Tuesday, December 31, 2019

Happy New Year 2020!


Hello =)

I'm in the Philippines now!!! To be exact, I'm in Palawan right now. We're currently on the road from El Nido to Puerto Princessa. This is our 11th day in the Philippines. And, tell you what, it's been better than what I expected (maybe coz ppl have been telling me bad stuffs only b4 I came hahaha).

This year has been...weird..and fast. It's full of ups and down, I had fun and wonderful moments, but also got in troubles sometimes. It's a pretty interesting year really, I don't think I regretted it. I wasted a lot of time yes, but I also gained a lot of friends! Like this ph trip, I'm with 2 new online friends! I never imagined to visit Philippines, even more with online friends!! I did chat less with my usual friends and relatives, but I got to know new people in depth too! So I guess it's not too bad.

Actually yeah it wasn't bad at all! I've never imagined to swim with the fish and see corals, but I did yesterday! And the day b4! I was really really surprised when I looked at the bottom of the ocean and saw corals! I never thought I could see great barrier reef and then there I was, swimming in the middle of El Nido sea, surrounded by the tall majestic rocks, with magnificent corals and fish underneath my feet! I am thoroughly grateful. It's worth all my troubles! The only thing I regretted was that I couldn't take photos of the underwater view, but I saw it! And I'll engrave it in my memory hopefully forever =)

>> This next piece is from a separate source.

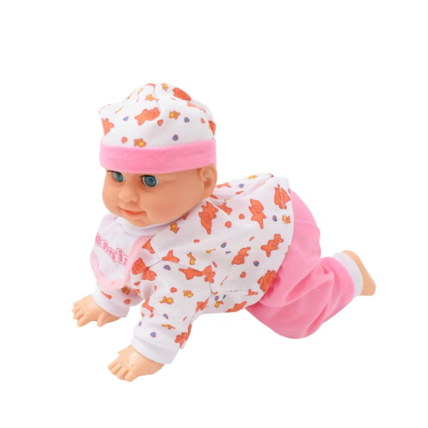 Ez a játékbaba rengeteg örömforrást okozhat a kicsinek, mivel amellett, hogy bekapcsolás után elkezd előrefelé mászni, közben aranyos hangon beszél, nevet és énekel is. A bekapcsológomb a mellkasán található a ruhája alatt, mellyel automatikusan elkezdi a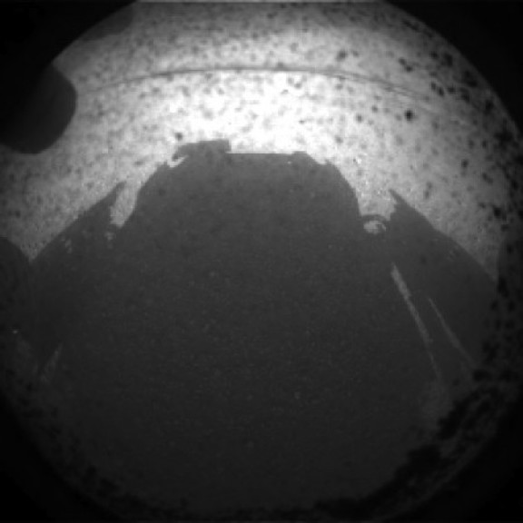Primera fotografía del robot Curiosity sobre Marte, con la sombra proyectada por el Sol

Remember the Chinese fortune prediction my bffs and I usually read? I read it recently to check if my year was correctly predicted, and I came across this line:
"You will attend social activities and chat with internet friends often." Wowwwwww that's so eerily correct! My online social world indeed has been very active this year. I found good and fun friends I clicked with and hope to be friends for many years to come, and I also found annoying and weird people. There was hours of fun chatting, and I also was ignored a lot. But then, i think I'm getting better at being ignored now lol you know I don't like not being replied? I think I handle it slightly better now. Don't want me? Fine, I go find someone else! I also get better on ignoring chats. My FOMO is less too. I think xD

Work is the one I had troubles with lol. I had my demotivated moments. Colleagues I was close with were mostly gone. Somehow I wonder if I'm surviving, or am I actually a frog that is being boiled to death...

Family.. I am definitely lacking there. Hope it gets better next year.

Hope next year will be even more fun and exciting, and not stressing me out! XD

Happy new year 2020 everybody!



Xoxo
Purple Lady in Puerto Princessa, Palawan, Philippines.